# How to 'find stuff' your text. Use Spacy as a tool for discourse analysis

We start by importing necessary libraries and import our data to the notebook

In [None]:
import os
import numpy as np

In [None]:
# Read the text file
text = open(r"C:\Users\au576018\OneDrive - Aarhus Universitet\Documents\Kurser\kvantitativ diskursanalyse\quantitative_discourse_analysis\data\politicians\english\trump\trump_03_01_2020.txt", encoding="utf8")
speech = text.read()
text.close()

In [None]:
speech # Display the raw speech text

In [None]:
print(speech) # Display the speech with formatting

To get rid of "disturbing elements" in the raw text, such as "\n", we clean up the speech a bit

In [None]:
# Clean the speech text by replacing newline characters with spaces

speech_clean = speech.replace("\n", " ")
speech_clean

In [None]:
print(speech_clean)

We want to use the library Spacy for performing our discourse analysis

For guides and documentation for spacy, see the following: https://spacy.io/

In [None]:
import spacy # this imports the spacy library

In [None]:
nlp = spacy.load("en_core_web_lg") # specify which language model you wants to use. This is the large english model

Now we want to transform our text file into a nlp-element. We use our language model to do that.
By doing this, metadata such as part of speech tags, sentences, morphological information etc. is added to every word. We can use 'calls' (code commands) to retrieve this information when needed.

In [None]:
doc = nlp(speech_clean) # save text as nlp-element under the variable name 'doc'

In [None]:
type(speech_clean) # Display the type of the cleaned speech text

In [None]:
type(doc) # Display the type of the Spacy document

We can now use the functionality from spacy in our analysis of the document. For example we can go through each sentence one by one

In [None]:
print(list(doc.sents)) # evey sentences in a list. The sentences are seperated by a comma

In [None]:
for sentence in doc.sents: # Print sentences one by one
    print(sentence)

# Keyword analysis
In "Acceptable Bias? Using corpus linguistic methods with critical discourse analysis" by Paul Baker, he uses a "key word" analysis. In order to choose appropiate keywords for your analysis, you could base it on your knowledge from within your field, from close reading analysis' etc. Another apporach could be to let your data decide for you (this would be an explorative approach). Is some words more frequent than others? Are there specific patterns?
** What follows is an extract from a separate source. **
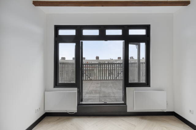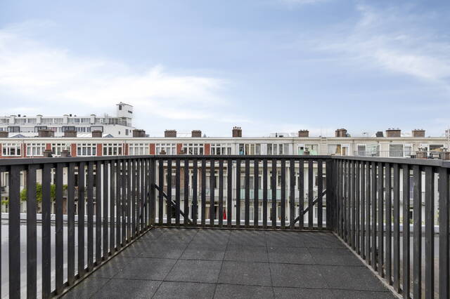 Through the French doors from the living room you step directly onto the rooftop terrace, twelve point two square metres with a west-facing orientation. That means full evening sun, right at the moment you are home after a long day. In summer this is the place for a barbecue with friends, or simply winding down with a book as the sun sets around you. The sounds of the city fade here, and you get the feeling of being completely away from it all, right in the middle of Amsterdam.

In the following we will find the most frequent words within the speech and base our analysis on those words.

We use the in-built functionality that labes every word with their part of speech-tag:

Alphabetical listing

- ADJ: adjective
- ADP: adposition
- ADV: adverb
- AUX: auxiliary
- CCONJ: coordinating conjunction
- DET: determiner
- INTJ: interjection
- NOUN: noun
- NUM: numeral
- PART: particle
- PRON: pronoun
- PROPN: proper noun
- PUNCT: punctuation
- SCONJ: subordinating conjunction
- SYM: symbol
- VERB: verb
- X: other

© 2014–2022 Universal Dependencies contributors. Site powered by Annodoc and brat. https://universaldependencies.org/u/pos/

In [None]:
# Print tokens with their part-of-speech tags

for token in doc:
    print(token.text, token.pos_)

In order to look at relevant words in the text, we are interested in the nouns

In [None]:
nouns = [token.text for token in doc if token.pos_ == "NOUN"] # Extract nouns from the document

In [None]:
nouns # prints list of nouns within the document

In [None]:
print(sorted(nouns))

in order to identify alike words as the same word, even though they might appear in unlike forms, we lemmatize our words.
Lemmatization involves reducing words to their base or root form, which helps in grouping different inflected forms of a word together.

In [None]:
for token in doc:
    print(token.text, token.lemma_)

In [None]:
lemma_nouns = [token.lemma_ for token in doc if token.pos_ == "NOUN"] # Extract lemmatized nouns from the document

In [None]:
print(sorted(lemma_nouns))

In [None]:
print(sorted(lemma_nouns))

# The most frequent words

When we are working with one text it is pretty straight forward to count the most frequent word. But when working with several texts you should use a counter function for this task.

In [None]:
# here we define a function that counts the frequence of every word in a list of words, and returns every word 
# with its number of appearances, sorted from the most to the least frequent word

from collections import Counter #imports a counting-function from the library 'collections'
def sorted_count(list_of_str): # defining the name of the function 'sorted_count' and the input "list_of_str"
    b = Counter(list_of_str) # counts the frequency of every word on the list_of_str, and assign it to the value b
    c = sorted(b.items(), key=lambda item: item[1], reverse = True) # sort the elements assigned to value b and assign to c
    return c # returns the sorted counts 'c'

In [None]:
sorted_count(lemma_nouns) # here we call the function on our list of strings "lemma_nouns"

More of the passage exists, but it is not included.